◆ YOUR GOAL ◆
Take the records below and set down exactly the lines from the one with "Валик ручного привода" to the one with "- En mode dorer, faire", ends included; do not copy the pictures.

◆ LISTED ENTRIES ◆
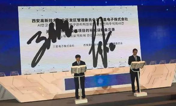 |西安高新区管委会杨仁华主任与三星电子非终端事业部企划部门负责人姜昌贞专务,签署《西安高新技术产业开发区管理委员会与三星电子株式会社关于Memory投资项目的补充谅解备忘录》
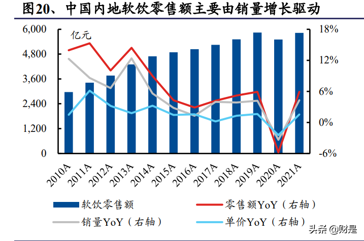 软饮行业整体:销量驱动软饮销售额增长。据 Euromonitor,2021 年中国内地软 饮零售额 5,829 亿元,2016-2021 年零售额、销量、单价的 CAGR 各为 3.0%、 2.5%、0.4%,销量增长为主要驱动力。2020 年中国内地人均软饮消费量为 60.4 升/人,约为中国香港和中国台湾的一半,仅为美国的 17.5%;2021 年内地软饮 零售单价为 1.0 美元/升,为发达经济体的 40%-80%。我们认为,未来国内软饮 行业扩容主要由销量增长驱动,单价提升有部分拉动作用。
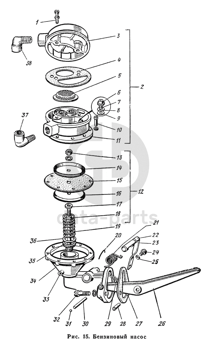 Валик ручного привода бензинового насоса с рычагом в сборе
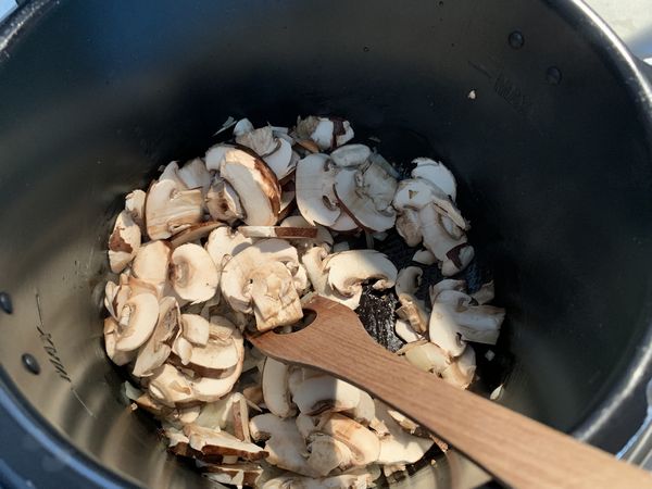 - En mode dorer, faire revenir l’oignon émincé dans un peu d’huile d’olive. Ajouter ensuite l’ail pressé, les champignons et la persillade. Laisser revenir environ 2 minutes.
...
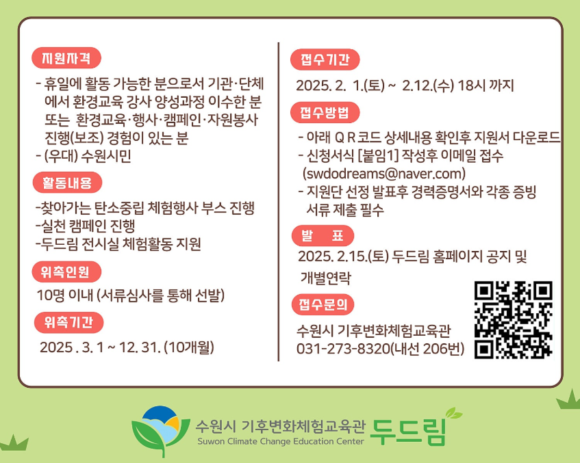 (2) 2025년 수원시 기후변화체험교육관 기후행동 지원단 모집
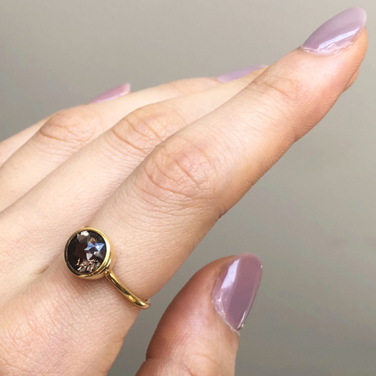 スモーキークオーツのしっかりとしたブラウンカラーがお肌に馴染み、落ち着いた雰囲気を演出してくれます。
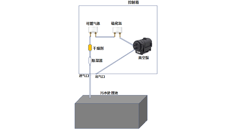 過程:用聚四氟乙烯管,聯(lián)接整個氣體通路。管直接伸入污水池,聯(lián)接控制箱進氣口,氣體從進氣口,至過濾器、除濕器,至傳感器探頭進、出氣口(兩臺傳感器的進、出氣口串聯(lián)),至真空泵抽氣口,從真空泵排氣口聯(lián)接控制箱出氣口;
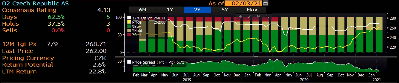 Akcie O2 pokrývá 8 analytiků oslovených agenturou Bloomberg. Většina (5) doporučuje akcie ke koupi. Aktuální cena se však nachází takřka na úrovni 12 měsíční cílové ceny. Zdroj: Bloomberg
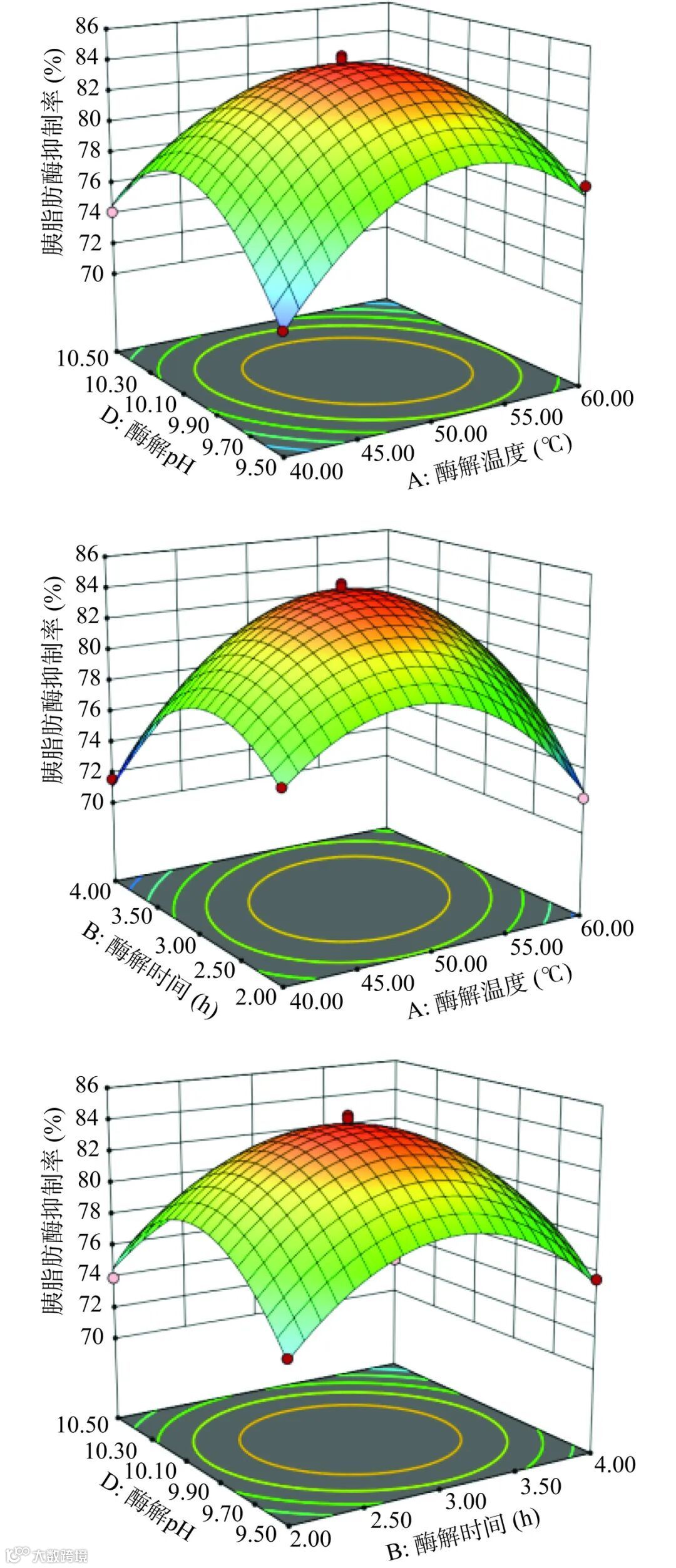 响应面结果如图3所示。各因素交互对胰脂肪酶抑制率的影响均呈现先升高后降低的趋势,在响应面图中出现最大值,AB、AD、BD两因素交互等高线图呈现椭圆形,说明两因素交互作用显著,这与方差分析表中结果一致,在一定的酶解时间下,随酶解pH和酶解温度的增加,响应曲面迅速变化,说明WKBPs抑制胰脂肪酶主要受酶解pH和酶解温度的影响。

◆ OUTPUT OF THE TASK ◆
 Валик ручного привода бензинового насоса с рычагом в сборе
 - En mode dorer, faire revenir l’oignon émincé dans un peu d’huile d’olive. Ajouter ensuite l’ail pressé, les champignons et la persillade. Laisser revenir environ 2 minutes.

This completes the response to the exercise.